=== Begin Enclosure ===
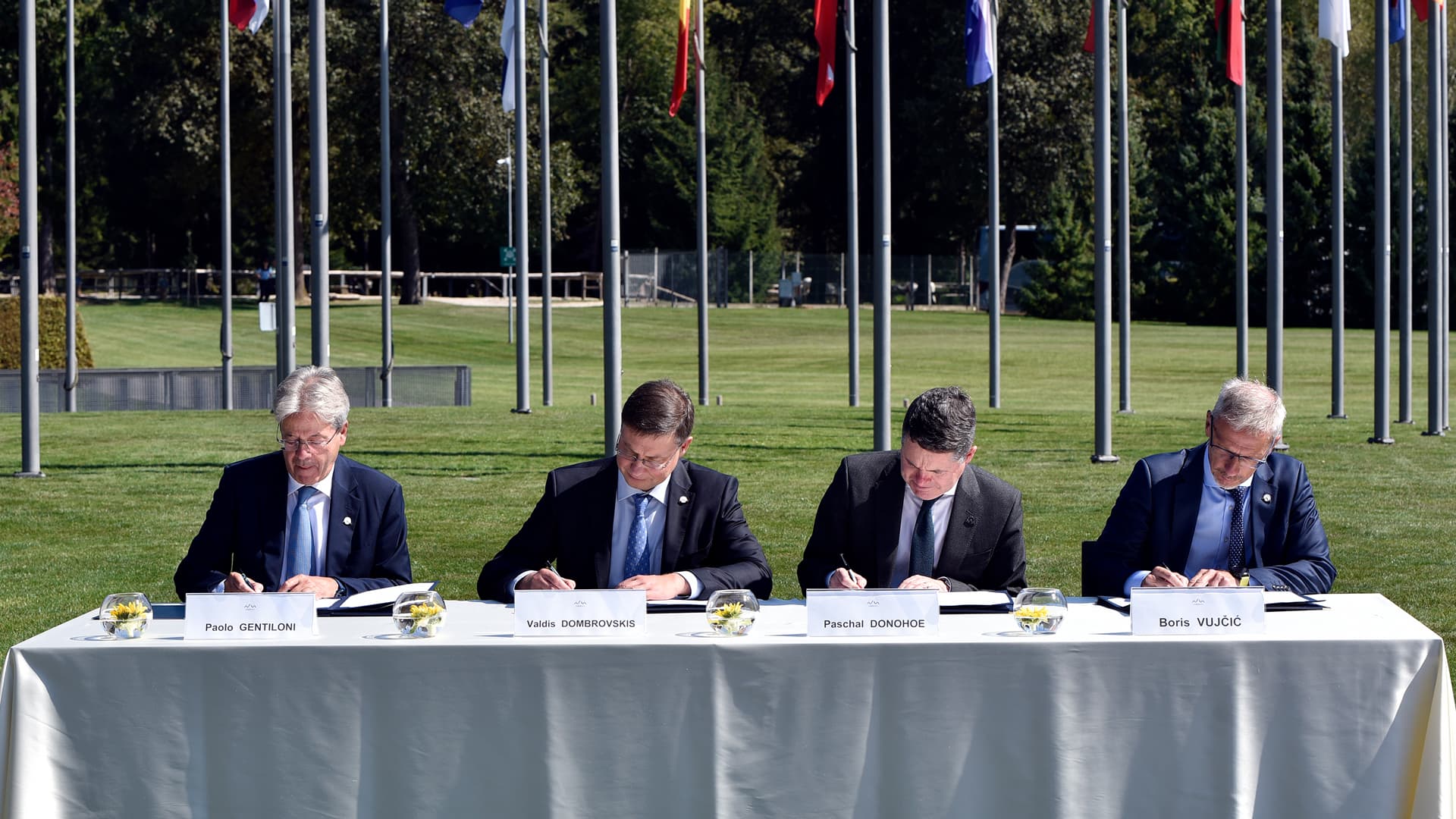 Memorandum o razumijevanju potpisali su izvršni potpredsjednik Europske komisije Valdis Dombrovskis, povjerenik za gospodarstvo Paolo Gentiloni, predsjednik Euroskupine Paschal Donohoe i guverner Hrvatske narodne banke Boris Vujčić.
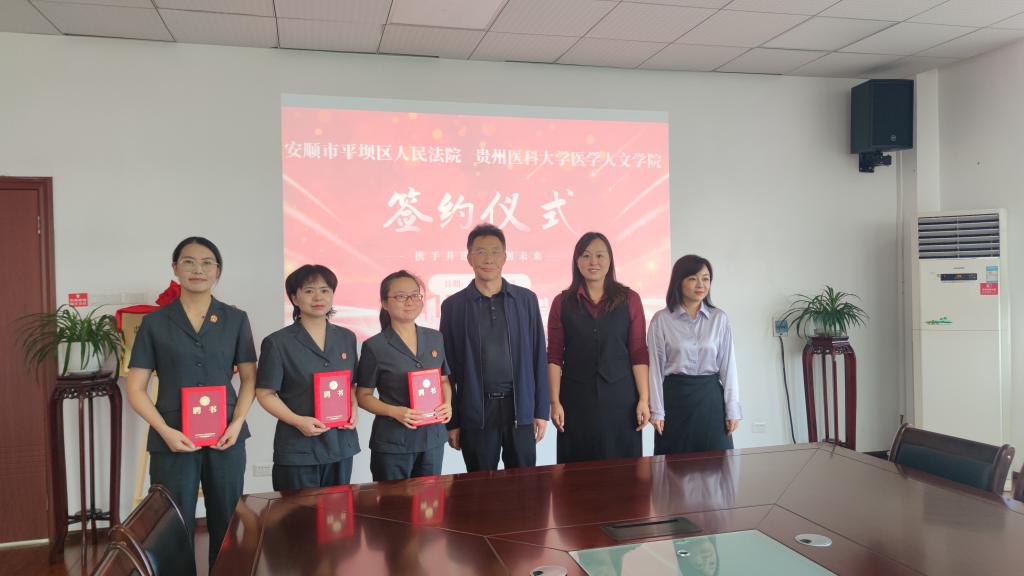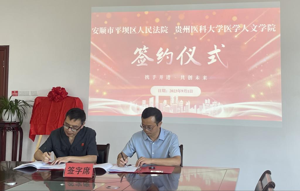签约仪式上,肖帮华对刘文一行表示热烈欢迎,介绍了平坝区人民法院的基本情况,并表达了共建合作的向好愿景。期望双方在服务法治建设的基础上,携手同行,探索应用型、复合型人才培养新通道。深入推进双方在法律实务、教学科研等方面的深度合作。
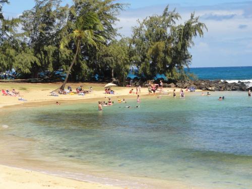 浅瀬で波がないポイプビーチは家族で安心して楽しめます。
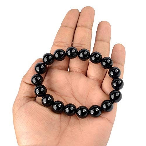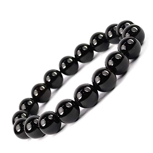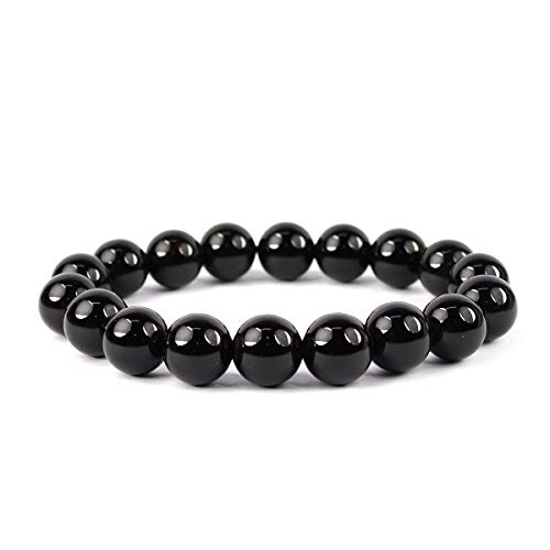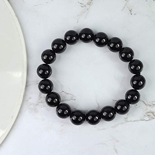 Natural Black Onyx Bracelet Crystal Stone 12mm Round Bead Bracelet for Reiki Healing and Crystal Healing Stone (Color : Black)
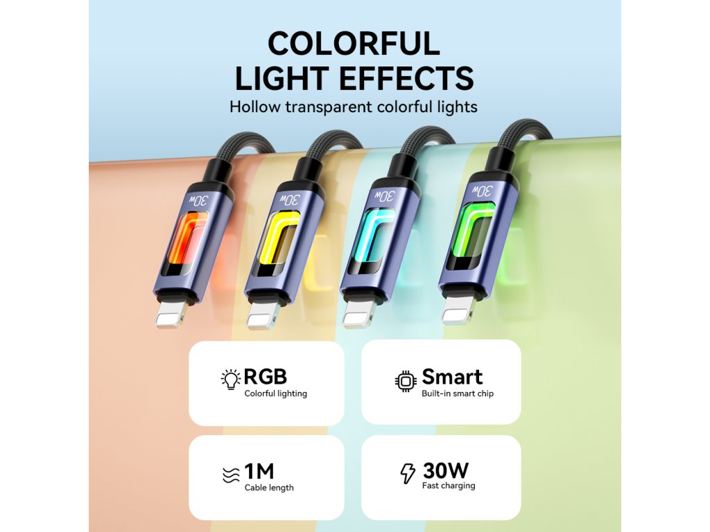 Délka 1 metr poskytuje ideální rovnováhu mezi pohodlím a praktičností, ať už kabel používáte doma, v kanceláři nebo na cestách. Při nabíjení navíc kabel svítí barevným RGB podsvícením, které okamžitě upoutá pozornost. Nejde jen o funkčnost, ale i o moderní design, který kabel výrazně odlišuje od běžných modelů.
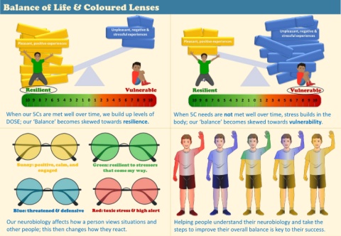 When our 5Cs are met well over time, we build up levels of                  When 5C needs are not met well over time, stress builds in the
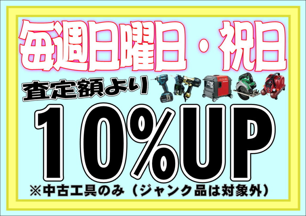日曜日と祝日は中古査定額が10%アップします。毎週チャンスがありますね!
=== End Enclosure ===
=== Begin Enclosure ===
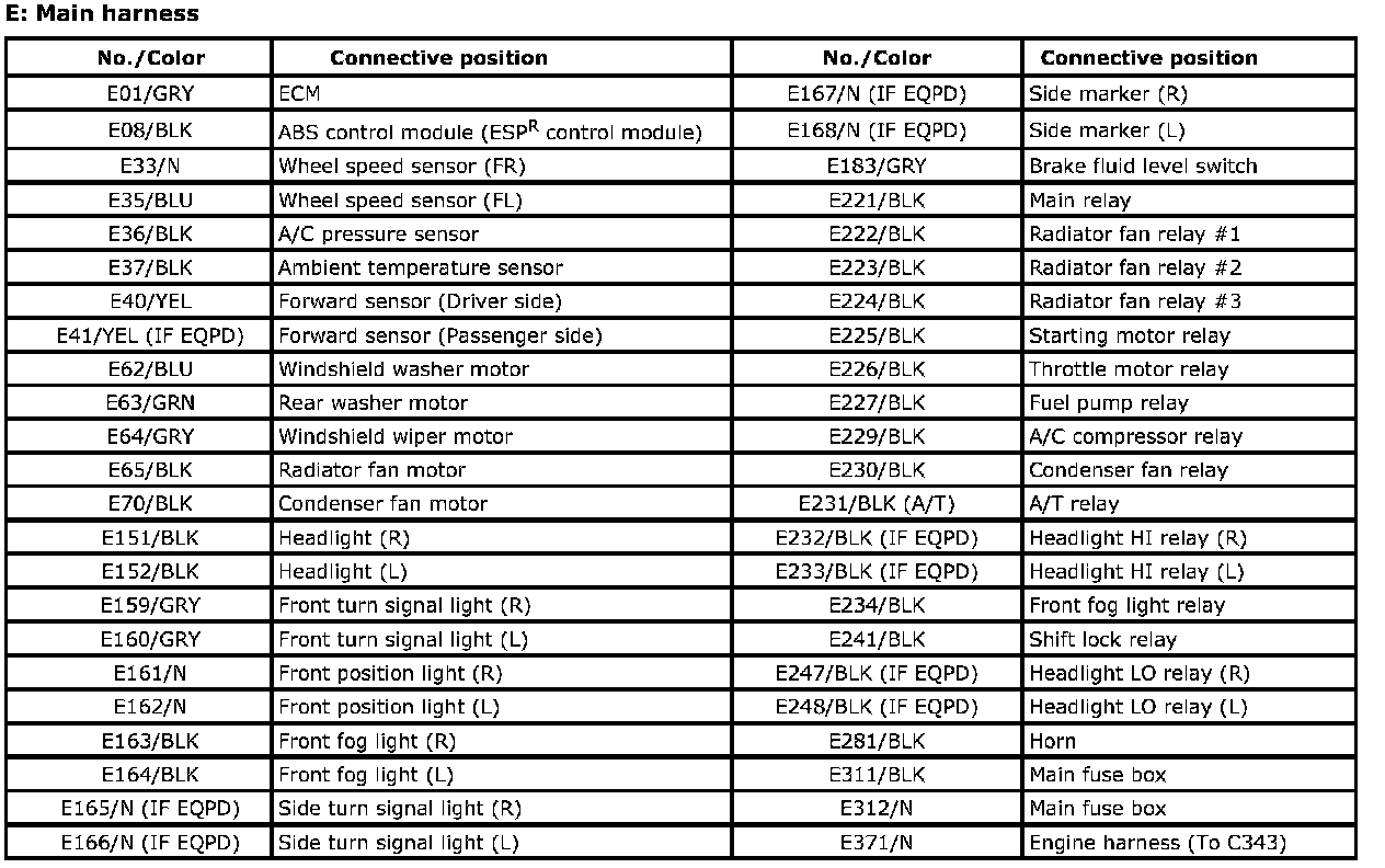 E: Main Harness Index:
=== End Enclosure ===
=== Begin Enclosure ===
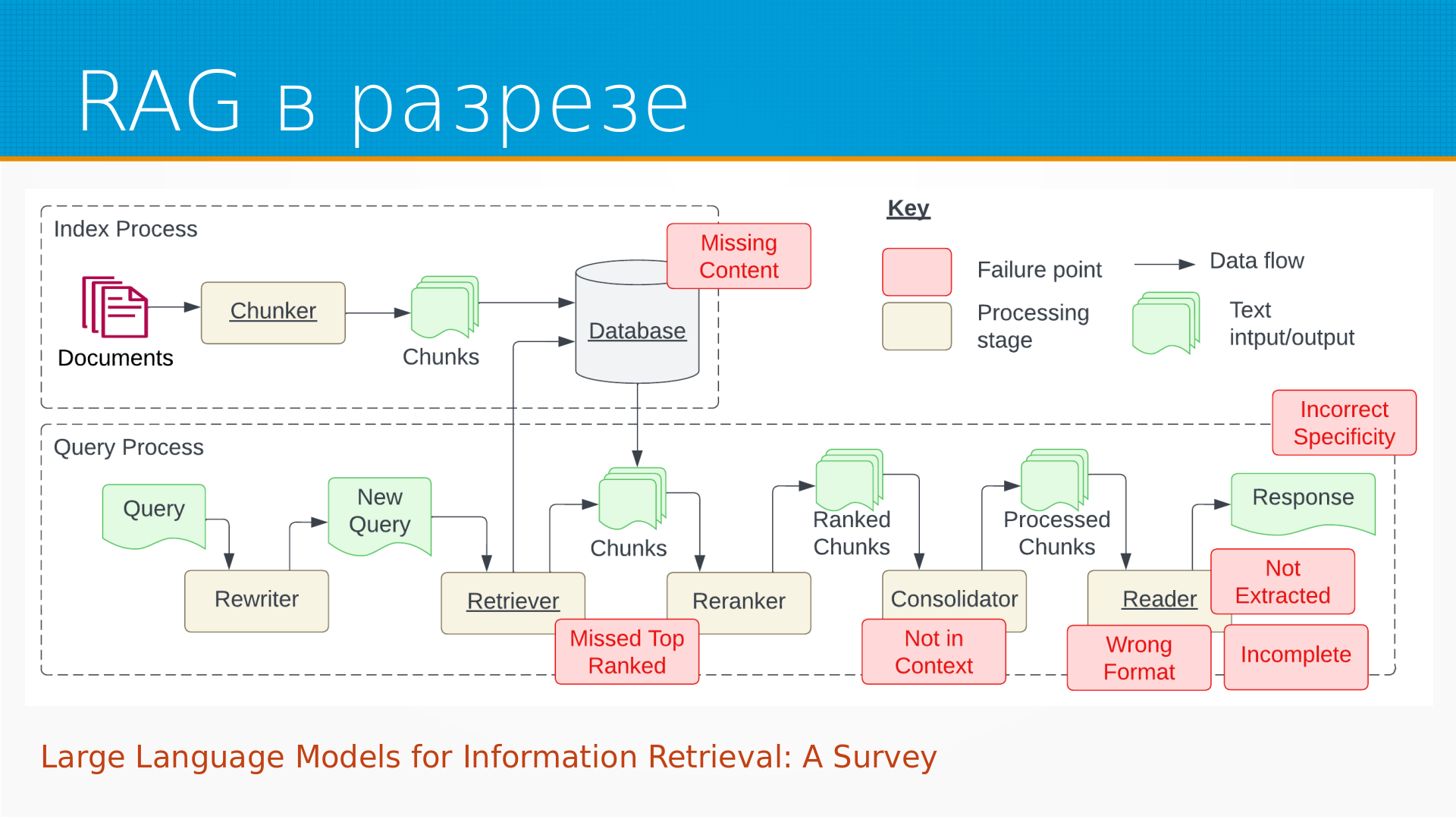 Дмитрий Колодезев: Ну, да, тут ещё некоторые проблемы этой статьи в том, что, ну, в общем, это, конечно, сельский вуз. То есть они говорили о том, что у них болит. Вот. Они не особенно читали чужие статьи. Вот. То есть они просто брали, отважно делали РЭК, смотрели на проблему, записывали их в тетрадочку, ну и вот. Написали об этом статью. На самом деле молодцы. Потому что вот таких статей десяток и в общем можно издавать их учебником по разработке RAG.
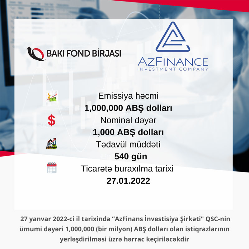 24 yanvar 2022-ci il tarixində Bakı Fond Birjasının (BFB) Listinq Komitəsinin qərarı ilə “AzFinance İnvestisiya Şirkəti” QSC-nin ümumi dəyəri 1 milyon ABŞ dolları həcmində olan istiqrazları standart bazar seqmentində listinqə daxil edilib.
=== End Enclosure ===
• _Task goal_
Find the line with "Natural Black Onyx" and the line with "日曜日と祝日は中古査定額が10%アップします。毎週チャンスがありますね!" in the records above. Copy both and all lines between them exactly, without pictures.

• _Response_
 Natural Black Onyx Bracelet Crystal Stone 12mm Round Bead Bracelet for Reiki Healing and Crystal Healing Stone (Color : Black)
 Délka 1 metr poskytuje ideální rovnováhu mezi pohodlím a praktičností, ať už kabel používáte doma, v kanceláři nebo na cestách. Při nabíjení navíc kabel svítí barevným RGB podsvícením, které okamžitě upoutá pozornost. Nejde jen o funkčnost, ale i o moderní design, který kabel výrazně odlišuje od běžných modelů.
 When our 5Cs are met well over time, we build up levels of                  When 5C needs are not met well over time, stress builds in the
日曜日と祝日は中古査定額が10%アップします。毎週チャンスがありますね!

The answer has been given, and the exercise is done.